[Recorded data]
════════════════

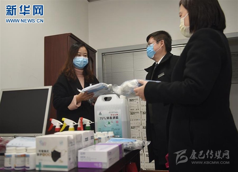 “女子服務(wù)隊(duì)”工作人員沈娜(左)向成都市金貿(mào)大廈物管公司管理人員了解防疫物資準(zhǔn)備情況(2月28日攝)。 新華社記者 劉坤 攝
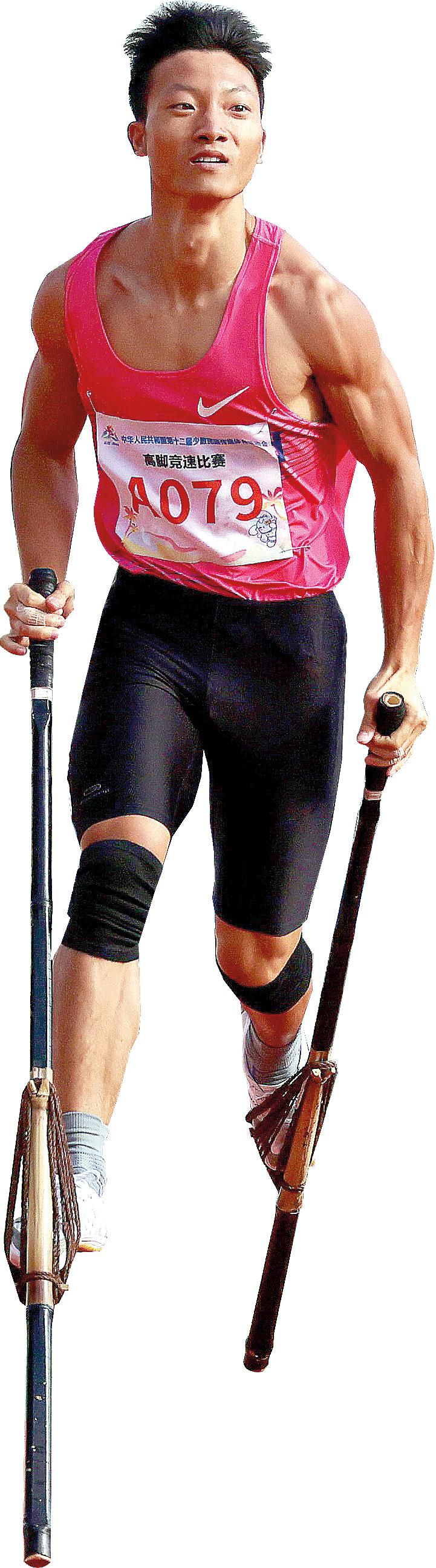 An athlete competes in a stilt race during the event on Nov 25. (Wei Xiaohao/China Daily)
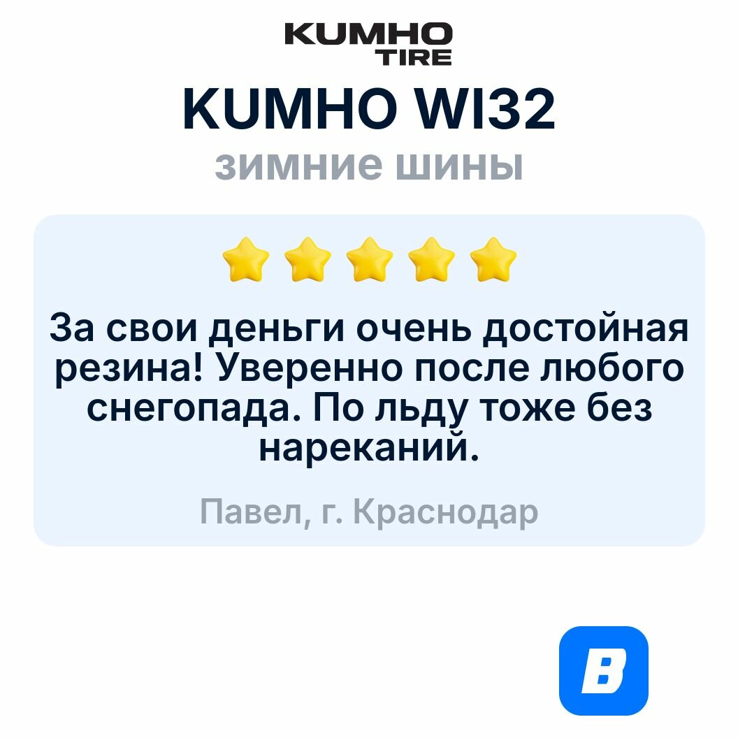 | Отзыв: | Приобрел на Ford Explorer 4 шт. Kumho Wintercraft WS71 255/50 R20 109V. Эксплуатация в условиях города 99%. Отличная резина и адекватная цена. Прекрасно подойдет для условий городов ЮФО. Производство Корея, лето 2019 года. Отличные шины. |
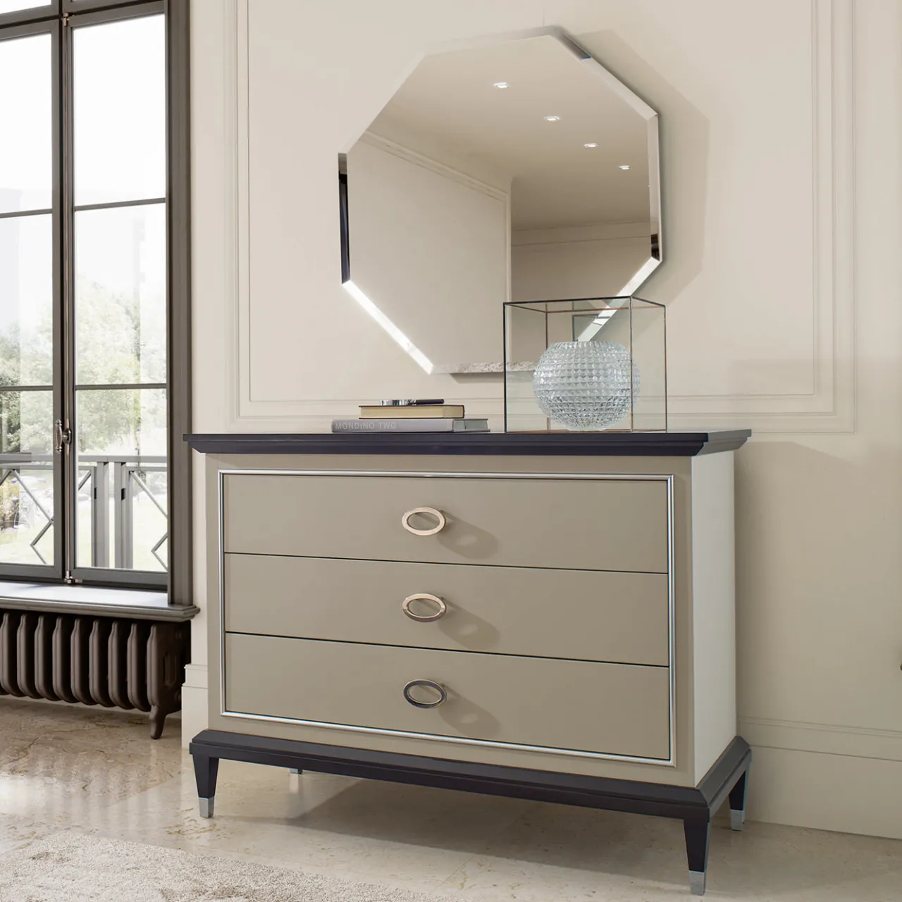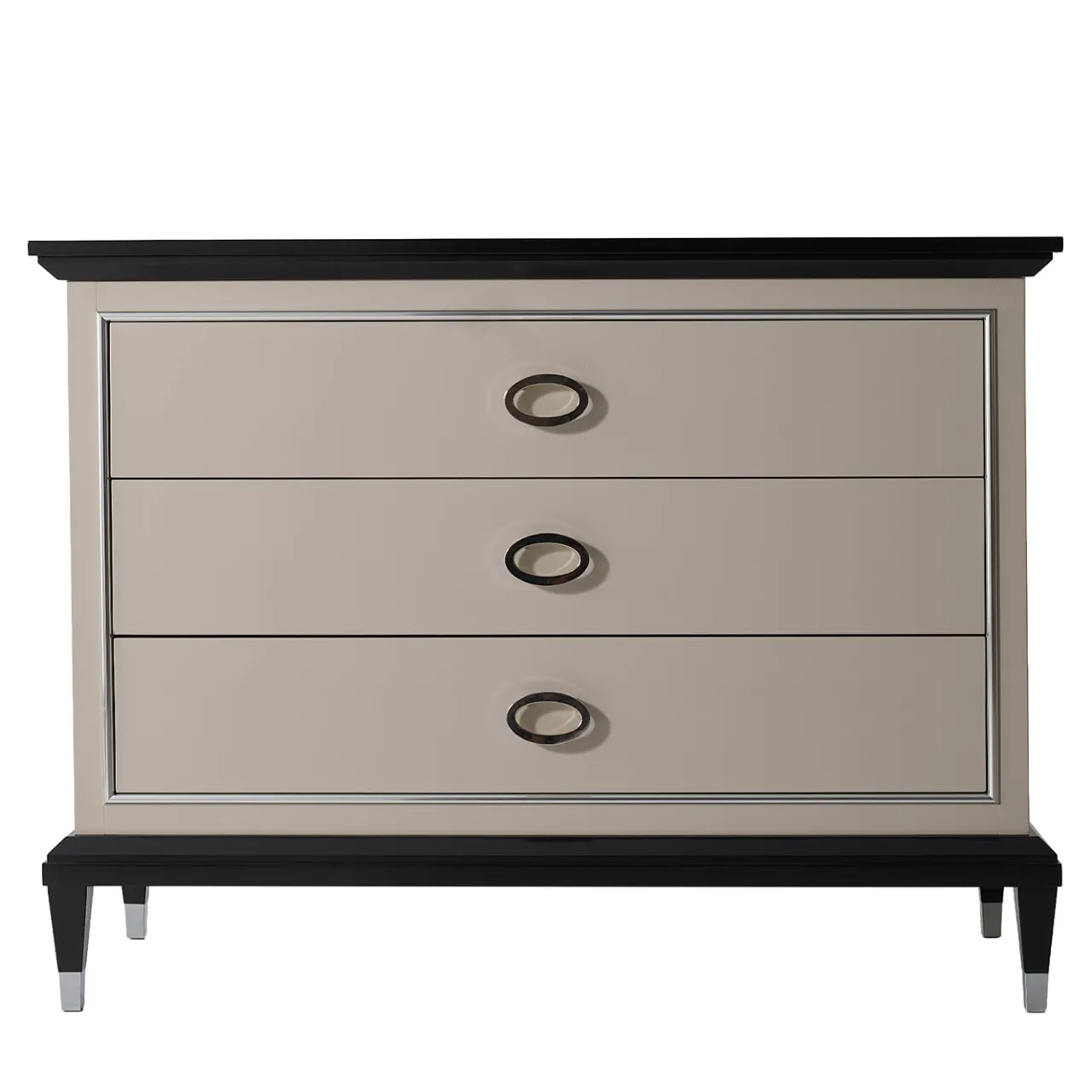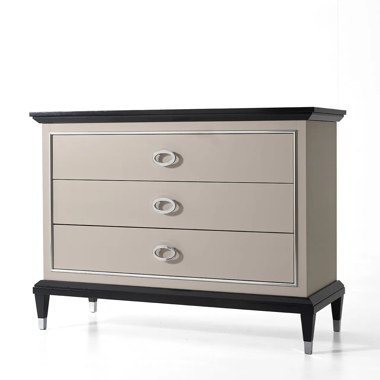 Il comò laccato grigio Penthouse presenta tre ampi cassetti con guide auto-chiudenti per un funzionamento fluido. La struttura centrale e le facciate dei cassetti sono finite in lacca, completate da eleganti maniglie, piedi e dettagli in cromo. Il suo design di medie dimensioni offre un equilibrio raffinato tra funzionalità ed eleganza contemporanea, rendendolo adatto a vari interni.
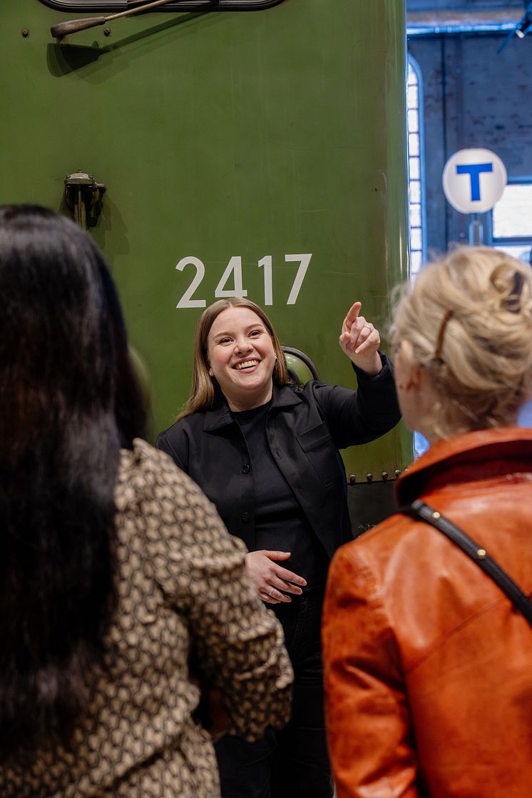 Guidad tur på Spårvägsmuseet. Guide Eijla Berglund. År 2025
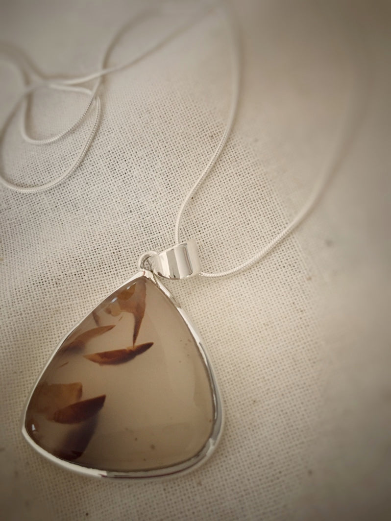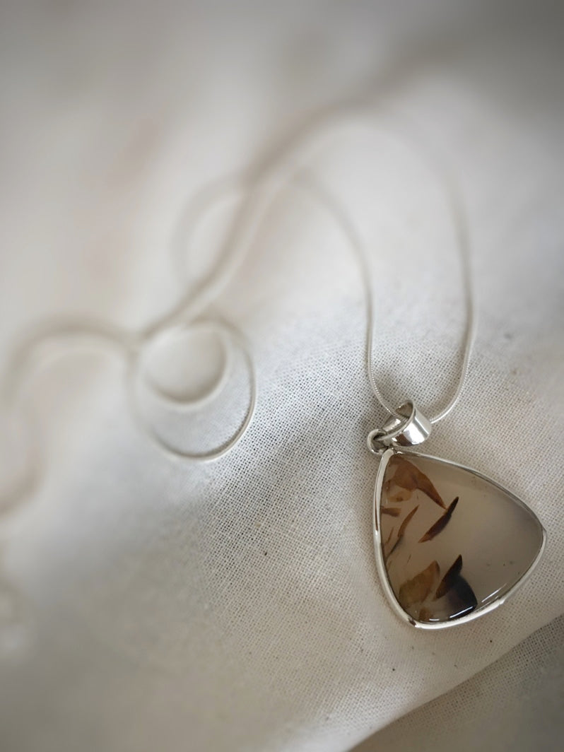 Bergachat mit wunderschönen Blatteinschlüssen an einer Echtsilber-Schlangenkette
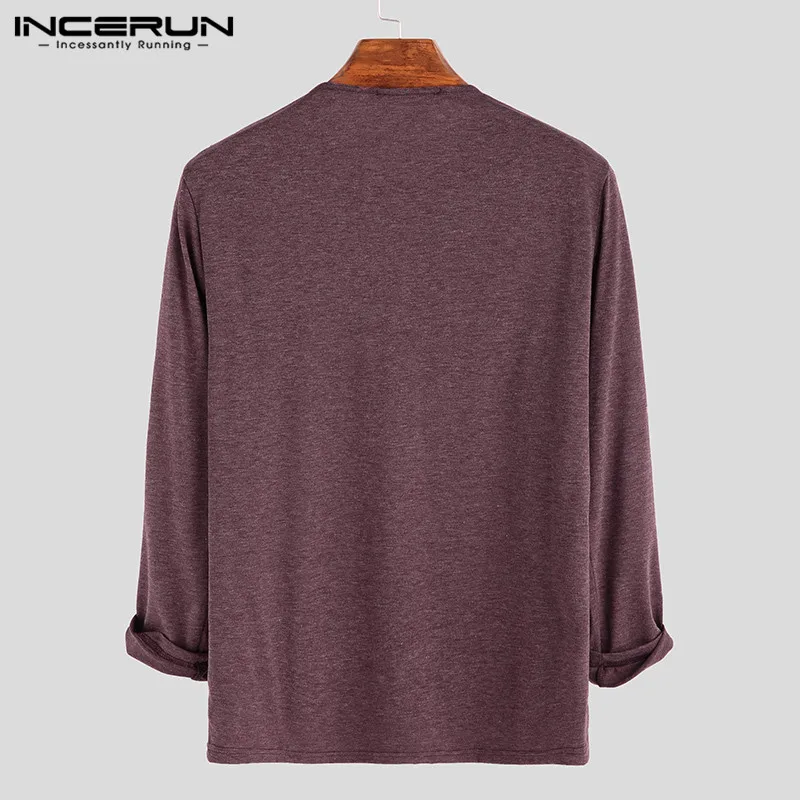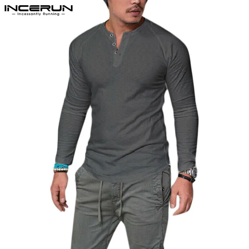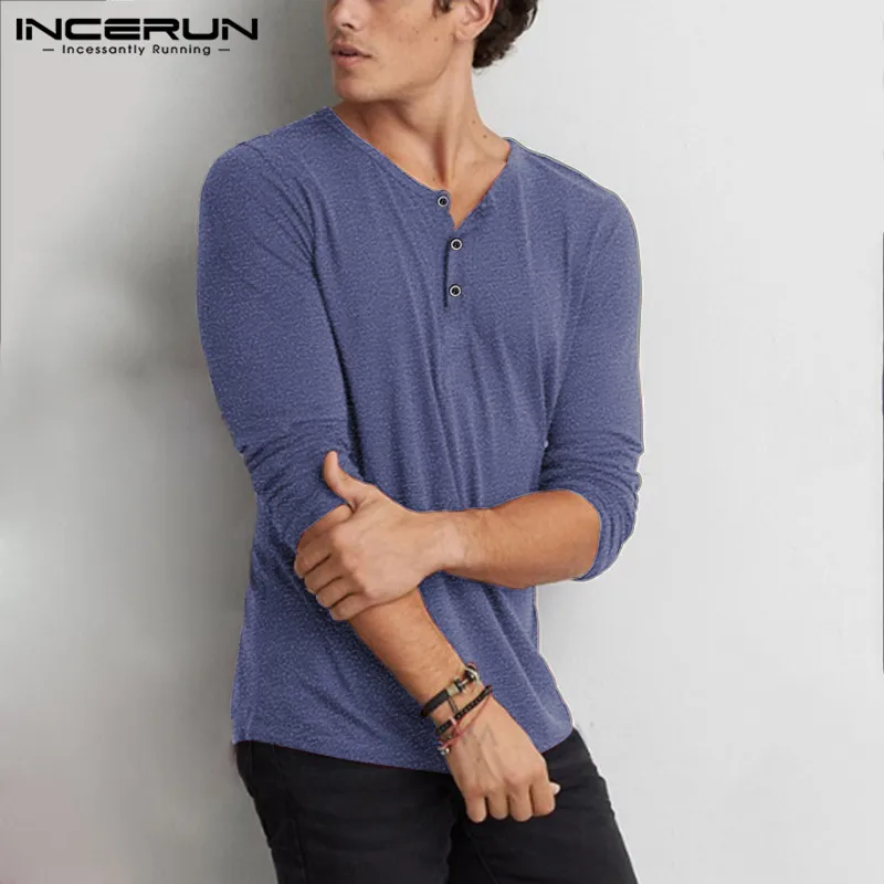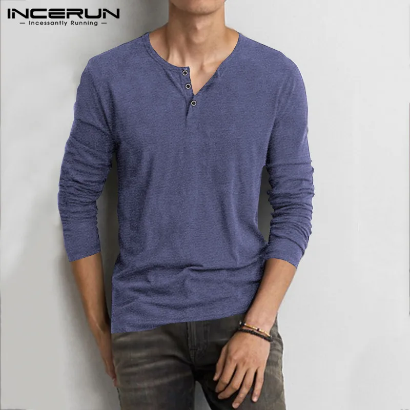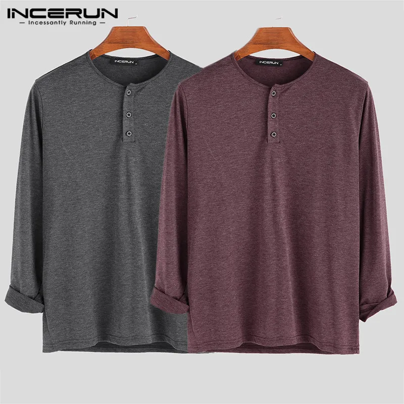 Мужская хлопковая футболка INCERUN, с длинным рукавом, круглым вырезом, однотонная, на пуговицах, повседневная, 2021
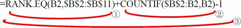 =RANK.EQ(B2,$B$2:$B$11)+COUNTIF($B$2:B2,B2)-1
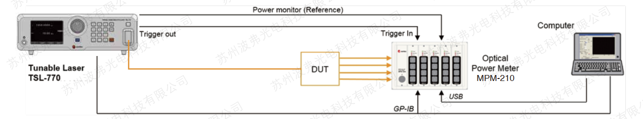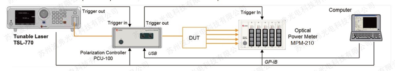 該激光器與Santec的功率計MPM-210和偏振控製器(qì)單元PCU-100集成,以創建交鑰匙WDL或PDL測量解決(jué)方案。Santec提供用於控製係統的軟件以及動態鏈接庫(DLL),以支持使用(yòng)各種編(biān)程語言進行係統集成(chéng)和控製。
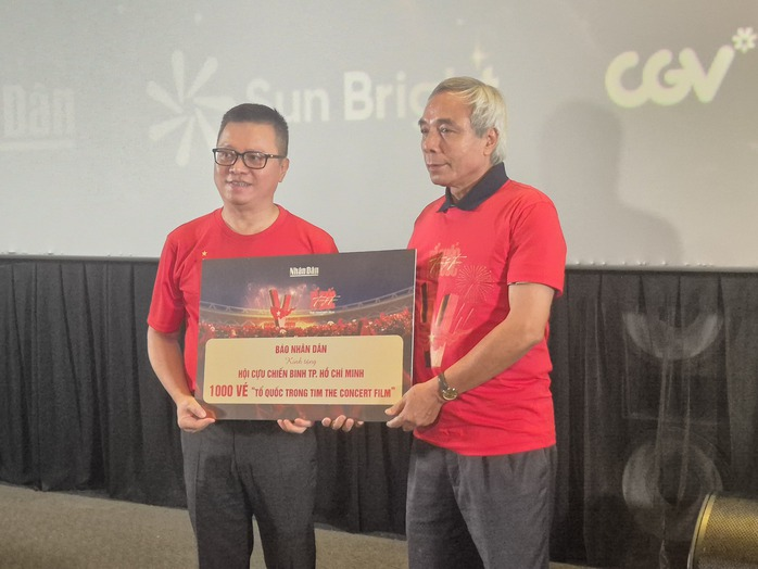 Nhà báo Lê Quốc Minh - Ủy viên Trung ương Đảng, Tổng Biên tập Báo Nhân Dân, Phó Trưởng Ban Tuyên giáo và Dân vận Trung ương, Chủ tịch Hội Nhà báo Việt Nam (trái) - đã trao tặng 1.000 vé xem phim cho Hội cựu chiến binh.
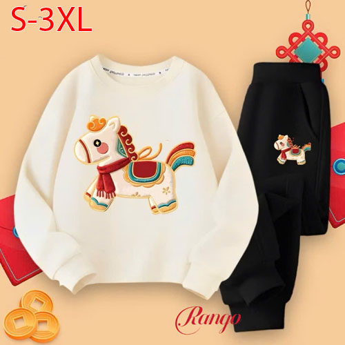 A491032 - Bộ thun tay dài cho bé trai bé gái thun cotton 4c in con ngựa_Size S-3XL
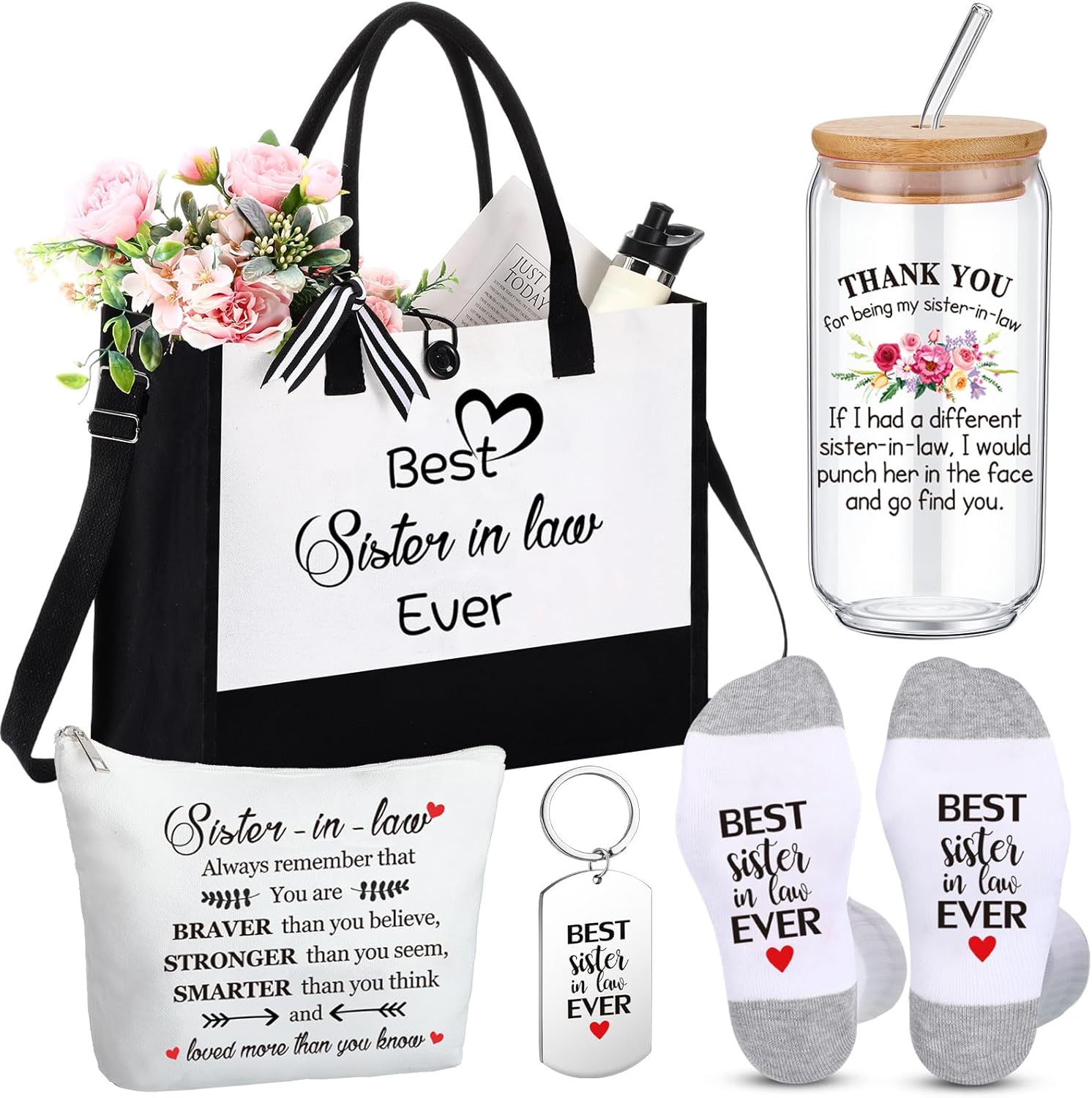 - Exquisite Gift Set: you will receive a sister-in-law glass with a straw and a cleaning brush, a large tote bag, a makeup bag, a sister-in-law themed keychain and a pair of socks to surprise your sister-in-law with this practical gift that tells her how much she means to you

════════════════

*WHAT YOU WILL DO:* In the records above, find the line containing "An athlete competes" and output every line from the first through that one, exactly, omitting pictures.

*ANSWER BELOW:*
 “女子服務(wù)隊(duì)”工作人員沈娜(左)向成都市金貿(mào)大廈物管公司管理人員了解防疫物資準(zhǔn)備情況(2月28日攝)。 新華社記者 劉坤 攝
 An athlete competes in a stilt race during the event on Nov 25. (Wei Xiaohao/China Daily)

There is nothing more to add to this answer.